我的研究地点寨子村是偶然接触到的,对我来说是全新的,所以我的观察是短暂而仓促的。这样既有好处也有坏处:好处是我们不会在感情上对陌生的事物产生偏见;缺点是研究难度较大,知识非常有限和浅薄。好在关于它的旧史,村里曾经整理过一本《寨子村志》,是上世纪90年代70岁以上老人的回忆和口述写成的。里面的材料极其丰富,大大降低了我调查的难度。至于合作组织“普汉”,已经有很多研究,互相比较可以形成丰富的素材。再加上我个人与研究地当地民众的关系,可以了解他们对现有材料中事件的态度和感受,基本可以支撑我的研究框架。
我选择了托恩尼斯的理论作为观察视角,在此要感谢我的导师。高一确定基本方向后,她很早就给我推荐了这本书,我之前也没接触过他的理论。托恩尼斯认为,社会会侵蚀同一肉体并毁灭它,其理论基础在于选择意志与本质意志的关系。这种现象也可以用马克思对人的异化和韦伯对行动的合理化来解释,但马克思更关注外物与人的关系,韦伯更关注行动的意义。这种刻意从宏观层面(韦伯可能在中观)分析社会现象的努力,一方面区分了社会学和心理哲学,另一方面也必然是深刻的。我想这就是托恩尼斯“同体同社”的独特之处。

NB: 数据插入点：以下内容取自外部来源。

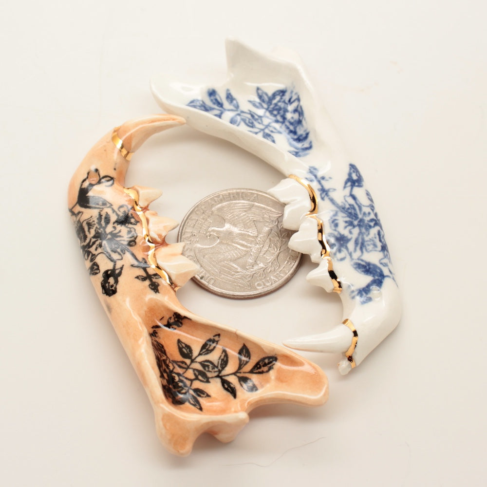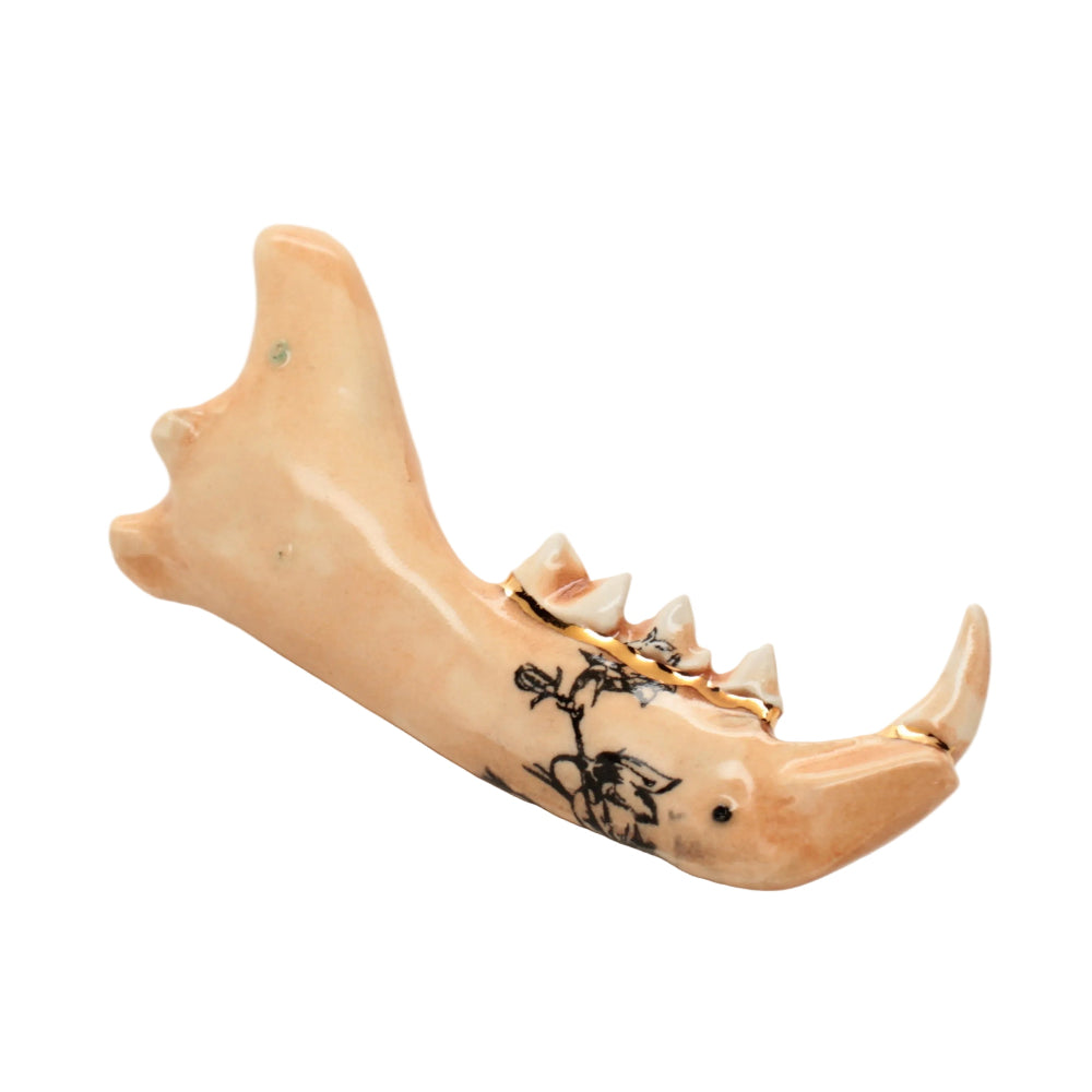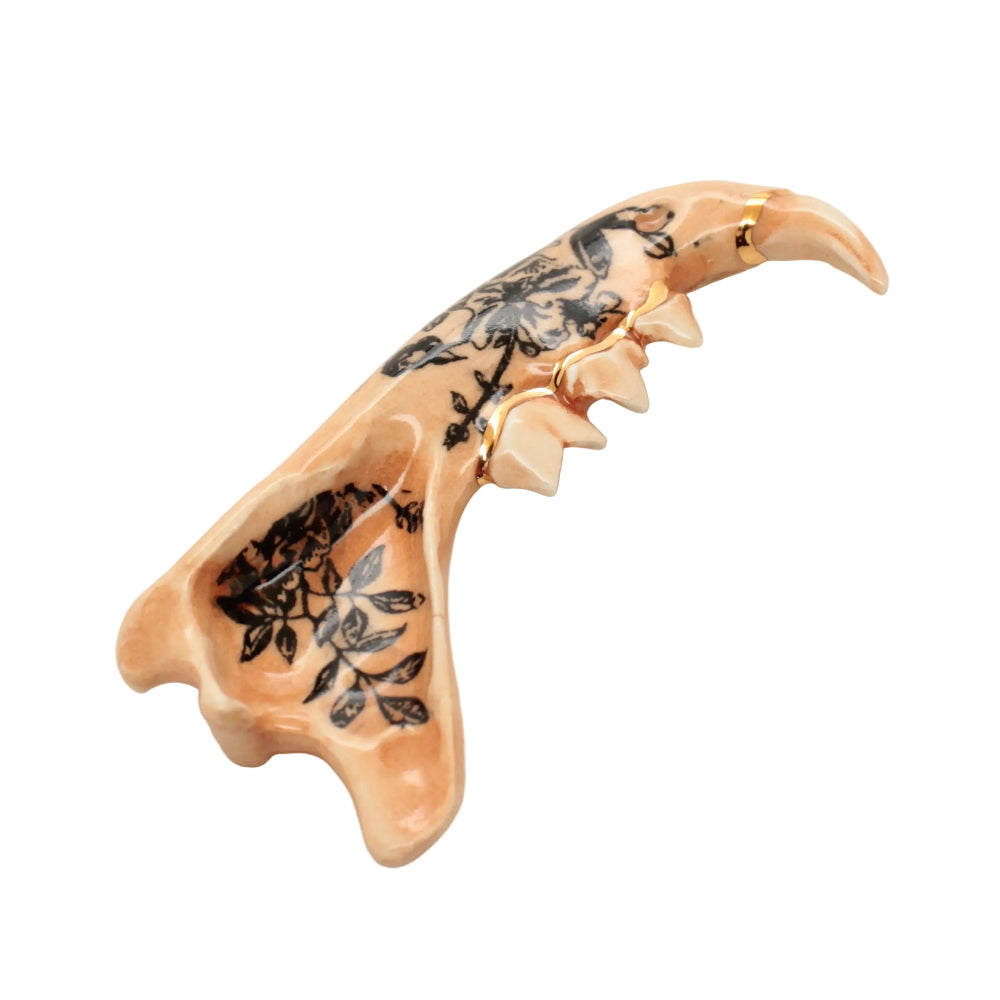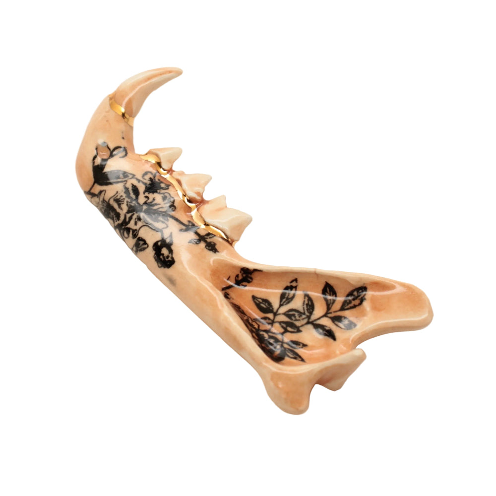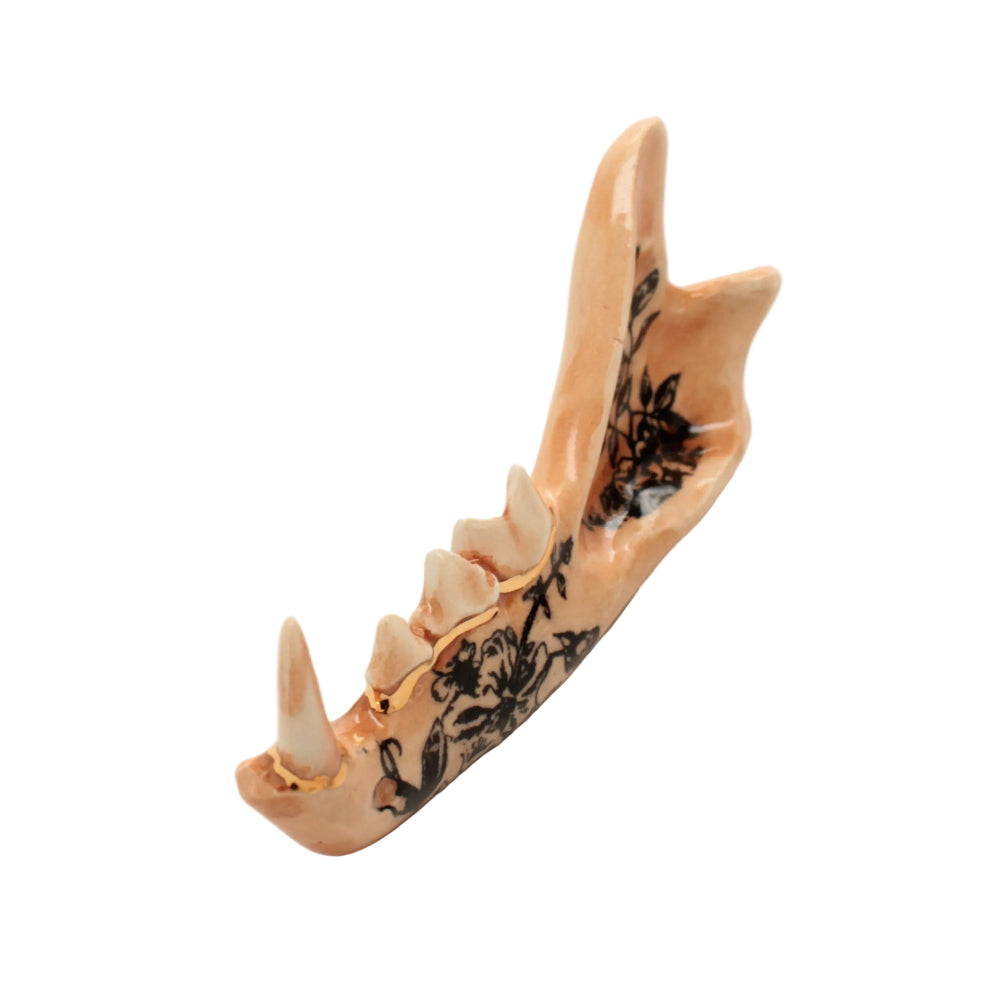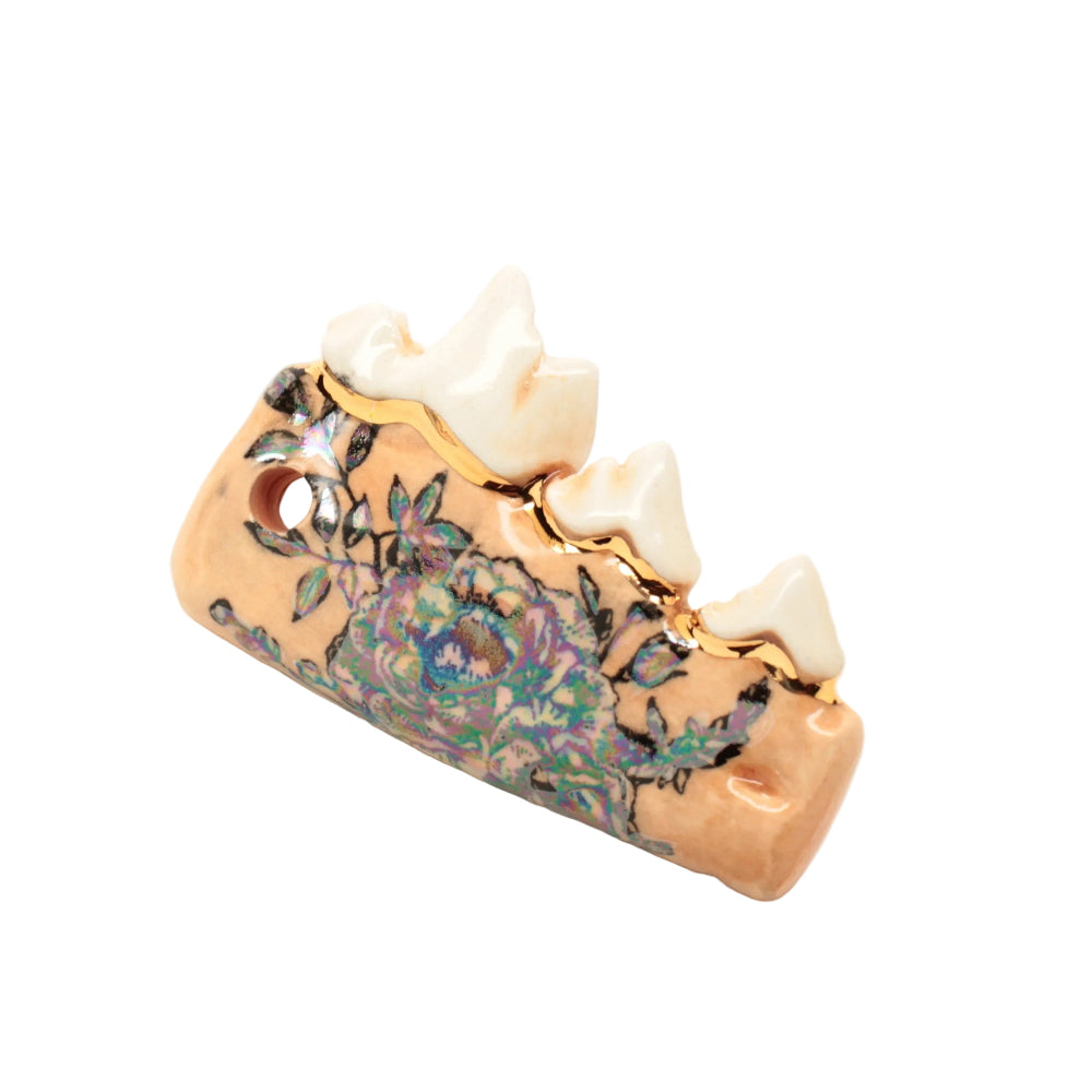 Made from a mold of a real jaw then slipcast in earthenware clay. Black floral design and an accent of 22k gold luster running along the gumline.

今天这篇论文的完成,首先要感谢我的导师王小利副教授。作为交流对象,她多次和我继续讨论论文的形式和主题,我们的合作让它变成了现在的样子。而且她总是善于鼓励学生,不给我太大的压力,这让我的写作轻松了很多。老师和学生的关系没有以前那么密切了。我认为我们保持了良好的距离,所以我们可以成为老师的朋友。其次,我要感谢我在中国农业大学农学院的老师胡教授。一方面,我们在一起近四五年了。他教会了我很多,我的很多农业知识和观点都是从他那里学来的。另一方面,我是因为他才被介绍到蒲寒和寨子村的。他打算今年退休。祝他离开校务后开始理论研究,突破中年的理论高度。最后,我要感谢“普韩”合作组织中的工作人员。他们的善良和热情让我在村里感觉很舒服,我们可以真诚地一起思考组织的未来。虽然最后的结论可能与他们的观点完全相反,但我很庆幸自己是在理解他们的前提下提供一些“刺耳”的声音,而不是无理取闹。当然应该感谢我的父母,包括我妈,平日里很少联系我。正因为我有最深的信念和肯定,所以不管形式如何,我都应该时不时和他们保持联系。
三年很快就过去了,最后我完成了我的首要目标——完成毕业论文。原来大四的目标是继续读博士。可惜三年的懒惰,最终没能保住这个志向,于是让27岁的硕士毕业成为我20年学习生涯的终结。九年大学即将结束,新的生活即将开始,我也快到30岁了。我期待在新的角色和职位上做得更好。